> Excerpted data:
****************************************
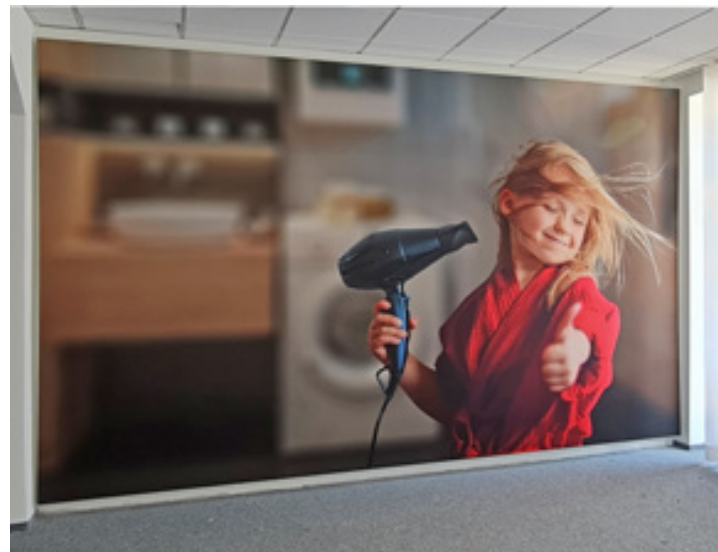
Textilspannrahmen über komplette Wandfläche, Kontek
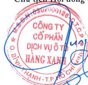
ĐỖ TIẾN DŨNG
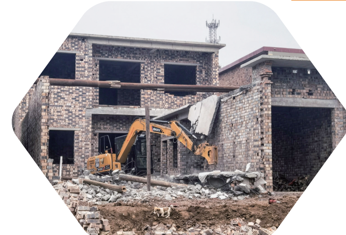
10月29日，蟒川镇依法拆除西村一处违建建筑。在坚守耕地红线工作中，该镇组织密织镇、村和包村干部、驻村第一书记、村级网格员、村级土地协管员五级防线，从源头着手，确保违法占用耕地零增量。
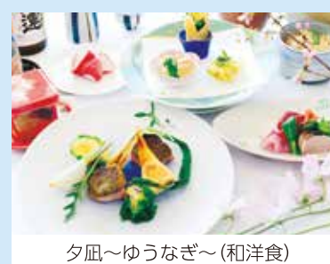
夕凧～ゆうなぎ～(和洋食)
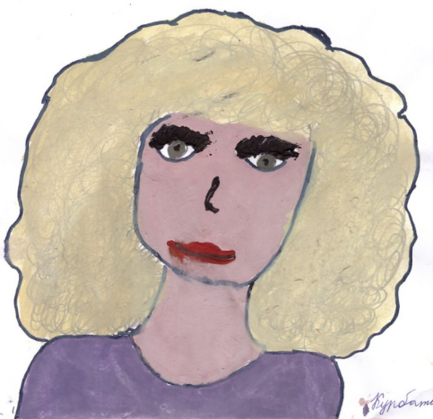
Рисунок Курбатовой Юлии, 3D класс
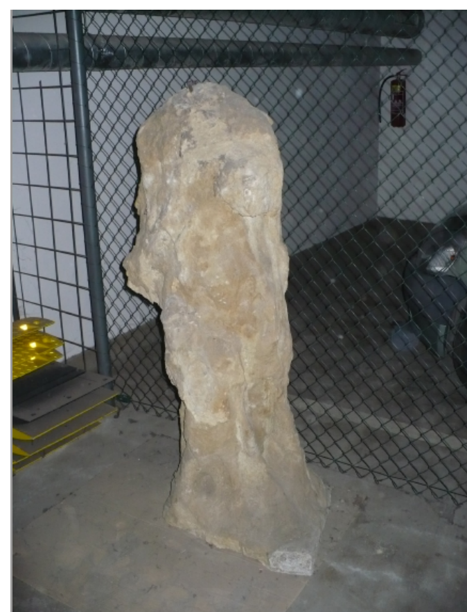
Původní socha byla značně poničena
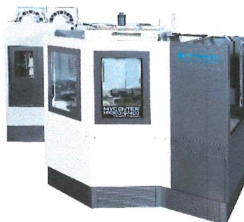
高速高精度横形マシニング センタ MYCENTER-HX300iG/400 with 8APC & 100ATC
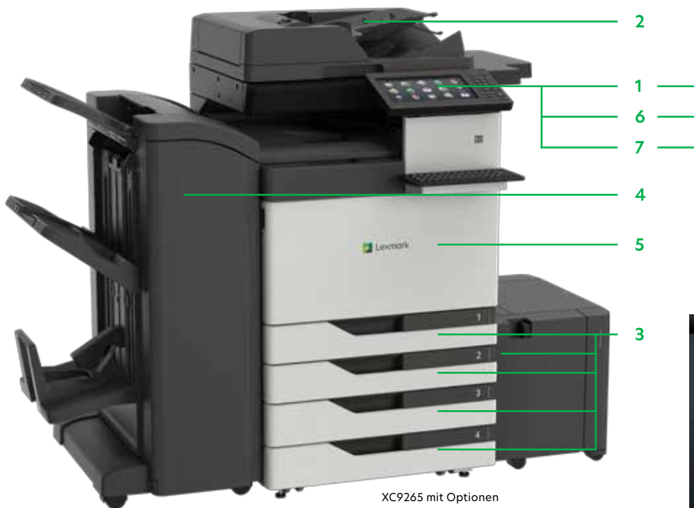
XC9265 mit Optionen

Drucken Sie Microsoft Office-Dateien, PDFs und andere Dokument- und Bildarten von Flash-Laufwerken, oder wählen Sie Dokumente auf Netzwerk-Servern oder Online-Laufwerken aus und drucken Sie sie.
****************************************
> Aim of the exercise: The expected output is exactly the lines from the one containing "10月29日，蟒川镇依法拆除" through the last line of the listing, both included, with every picture left out.

> Result of the task:
10月29日，蟒川镇依法拆除西村一处违建建筑。在坚守耕地红线工作中，该镇组织密织镇、村和包村干部、驻村第一书记、村级网格员、村级土地协管员五级防线，从源头着手，确保违法占用耕地零增量。
夕凧～ゆうなぎ～(和洋食)
Рисунок Курбатовой Юлии, 3D класс
Původní socha byla značně poničena
高速高精度横形マシニング センタ MYCENTER-HX300iG/400 with 8APC & 100ATC
XC9265 mit Optionen

Drucken Sie Microsoft Office-Dateien, PDFs und andere Dokument- und Bildarten von Flash-Laufwerken, oder wählen Sie Dokumente auf Netzwerk-Servern oder Online-Laufwerken aus und drucken Sie sie.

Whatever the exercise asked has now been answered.